During the era of Regents Professor Richard Goldstein's role as department head (1970-1990), the faculty grew to 47 in mechanical and industrial engineering. Selecting talented faculty has produced a thriving unit of research and education. The 1970s saw the rise of thermofluid modeling (Professors Avram Bar-Cohen, Charles Scott, Terence Simon, and Paul Strykowski.
The department also developed strengths in combustion including numerical and optical diagnostic techniques (Professors John Abraham and David Hofeldt); pollution, aerosol, and building energy studies (Professors Jane Davidson, Thomas Kuehn, Virgil Marple, Peter McMurry, David Pui, and James Ramsey); heat and mass transfer in biological systems at supra- and subphysiological temperatures (Professor John Bischof); intelligent machines, sensors, and controls (Professors Max Donath, Kim Stelson, and Rajesh Rajamani); computer graphics and database management (Professors Thomas Chase and Donald Riley); numerical prediction techniques in fluid and solid systems (Professors Suhas Patankar and Kumar Tamma); manufacturing automation and machining theory.
The 21st Century
Kim Stelson successfully led a multi-university effort for an NSF-funded Engineering Research Center for Compact and Efficient Fluid Power, headquartered in ME. Arthur Erdman initiated the annual Design of Medical Devices Conference in 2000, which brings medical device companies, engineers, doctors and students together to further the development of new technologies, and became the founding director of the Medical Devices Center.

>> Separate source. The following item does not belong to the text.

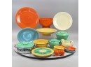 Comprising a 10.875 in. 'Yellow,' 'Medium Green' and 'Ivory' relish tray; in 'Yellow' a 12.5 in. oval platter, 12.125 in. comport, two 8.375 in. nappies and two 5.5 in. fruit bowls; comprising in 'Medium Green' a Kitchen Craft 8.75 casserole and cover in a chrome holder, a 7.875 in. and a 8.625 in. casserole and cover, and a 6.125 in. teapot; comprising in 'Turquoise' a 12.625 in. oval platter, and a sugar bowl and cream pitcher utility tray only (unmarked); comprising in 'Red' one 14.125 in. chop plate, one 11 in. footed salad bowl, pair of salt and pepper shakers, and a sugar bowl and cream pitcher utility tray only (marked); comprising in 'Ivory' a 12.125 in. chop plate and a sauceboat, impressed "HLC fiesta MADE IN U.S.A.," "fiesta HLC. USA.," "HLC fiesta KITCHEN KRAFT U.S.A." or stamped "GENUINE fiesta HLC USA." (20)

Professor Uwe Kortshagen took over as head of department in 2008. Under his tenure, industrial and systems engineering was spun off, becoming an independent department in 2009. Kortshagen led a period of significant new hires and of the addition and renovation of facilities, including the construction of the new Thomas E. Murphy Engine Laboratory, which opened in 2014, and an almost $50 million renovation of the "Old ME" building.
ME Moves Forward
Under the direction of Professor Jane Davidson, the Solar Energy Laboratory has developed a wide range of solar technologies for fuel and chemical processes and for space and water heating and cooling. Professor Alison Hubel has done pioneering work on the preservation of molecules in challenging environments. In 2019, Professor Susan Mantell became ME's first female head of department, leading a significant departmental strategic planning initiative.